I've created a new job for this u-ac435, which is a copy of the
job above. The configuration is.
- ATMOS (offOxN96): 24*24 (18 haswell nodes)
- steps_per_periodim=72, so this is a 20 minute timestep
- Ocean: 8*4 (1 node)
- CICE_BLKX=40; (8*45=360=CICE_COL)
- CICE_BLKY=83; (4*83=332>CICE_ROW=330)
- XIOS attached
- Total: 19 nodes or 608 haswell cores
- First 10 days have taken: 12:21 (741s) and 14:43 (883s).
An average time of 812s (13:32).
- The total time for a 2 month run is 4,750s, which is an
average of 792s (13:12) per 10 days.
This suggests (calculations based on 2 month average are
shown in bold)
- Speed of 2.96 model years/day (3.03 model years/day)
- One model year completed in 8.11 hours (7.92 hours)

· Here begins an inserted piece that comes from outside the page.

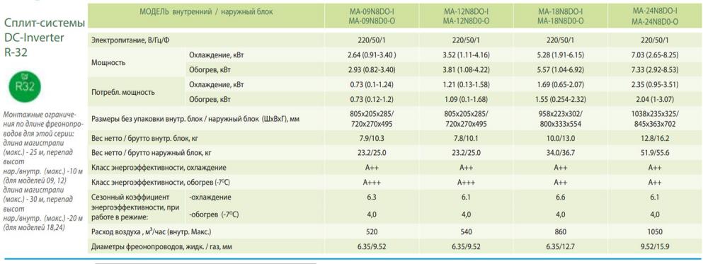 Хладагент R32 обеспечивает эффективную работу MA-09N8DO-I / MA-09N8DO-O и позволяет позаботится о окружающей среде, так как не содержит озоноразрушающих веществ и соответственно безопасен и для озонового слоя планеты Земля и для человека.

- One model year needs 19 * 8.11 = 154 node-hours (150 node-hours)
- One model year needs 32 * 154 = 4,928 core-hours
(4,815 core-hours)
For ARCHER
- ATMOS: 576 cores is 24 ARCHER nodes
- OCEAN: one node might be enough, let's be safe and assume we
need 2 nodes or 48 cores.
- This is a total of 624 cores
- If this was a cray we expect the same speed as above, so
624 * 8.11 = 5,060 core-hours (624 * 7.92 = 4,942 core-hours)
- The latest information is that we need to multiply this by 2
for ARCHER, so 2 * 5,060 = 10,120 core-hours (9,884 core-hours)

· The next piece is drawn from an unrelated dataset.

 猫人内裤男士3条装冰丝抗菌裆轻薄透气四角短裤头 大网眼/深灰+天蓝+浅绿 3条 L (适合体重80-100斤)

- Hence one year needs 10,120 * 15 = 151,800 AUs or 0.152 MAUs
(0.148 MAUs)
- Incredibly, in Colin's e-mail on 9/3/16 he says his estimate
was 0.15 MAUs - almost exactly what we have here.
Running at about 2 model years/day
Running at about 3 model years/day might be considered a bit
fast for optimum resource efficiency. Let's try running at about
2 model years/day. It's probably more accurate to use scale on the
numbers above rather than use my analytical prediction:
2.96 model years for 576 atmosphere cores, so we probably need
about (2/3)*576=384 cores for 2 model years/day.

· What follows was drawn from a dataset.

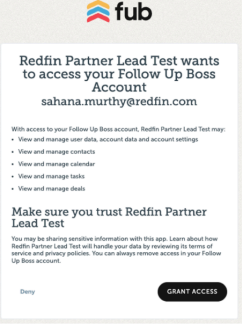8. Read the notice from Follow Up Boss. Complete the integration by clicking Grant Access to enable Redfin to access your Follow Up Boss account.

- 384 cores is 12 haswell nodes
- 24*16 seems a reasonable PE decomposition
- First 10 days have taken:16:14 (974s)
- Two months have taken a total of 1:31:12 (5,472s), which is
an average for 15:12 (912s) for 10 days.
- 912s for 10 days is 2.63 model years/day (a lot faster than
2 model years/day)
- One model completed in 9.13 hours
- One model year needs 13 * 9.13 = 119 node-hours
- One model year needs 32 * 119 = 3,796 core-hours
For ARCHER
- ATMOS: 384 cores is 24 ARCHER nodes
- OCEAN: one node is probably enough, so another 24 cores (I was
pessimistic before, so I'll be optimistic here)
- This is a total of 408 cores
- If this was a cray we expect the same speed as above, so
408 * 9.13 = 3,725 core-hours
- The latest information is that we need to multiply this by 2
for ARCHER, so 2 * 3,725 = 7,450 core-hours
- Hence one year needs 7,450 * 15 = 111,750 AUs or 0.11 MAUs
Analytical estimate of UKESM-lr
Take what I think will be a typical setup
- ATMOS: 512 cores looks a reasonable choice, and we know from
running fullChemN96 with 30 min timestep that this runs at about
2.51 model years/day. Assume a 10% slow down for coupling and we
have 2.26 model years/day.
- OCEAN: we expect MEDUSA to slow the ORCA1 code by at 3.5 times,
but 2 nodes (64 cores) should still be enough to achieve 2.51 model
years/day
- This is a total of 576 cores for 2.26 model years/day
- One model year will need 10.62 hours
- One model year will need 10.62 * 576 = 6,117 core-hours
For ARCHER
- ATMOS: 512 doesn't divide by 24, so lets take 504 cores and
assume that a speed of 2.26 on XC40 architecture is 2.26 * 504/512
= 2.22 model years/day
- OCEAN: two nodes, which is 48 cores, should still be enough
- This is a total of 560 cores for 2.22 model years/day on XC40
architecture
- One model year needs 10.81 hours
- One model year needs 10.81 * 560 = 6,054 core-hours
- The latest information is that we need to multiply this by 2
for XC30 architecture (ARCHER), so 2 * 6,054 = 12,108 core-hours
- Hence one year needs 12,108 * 15 = 181,620 AUs or 0.18 MAUs
Creating something similar to UKESM-lr
Can I create something similar to UKESM-lr, so I can time that.
Yongming has u-ab330, which has
but is missing
- JULES land surface (adding Nitrogen and Carbon cycle)
- TRIFFID (carbon cycle)
- MEDUSA
Can I swap the ORCA025 ocean in here for Till's ORCA1?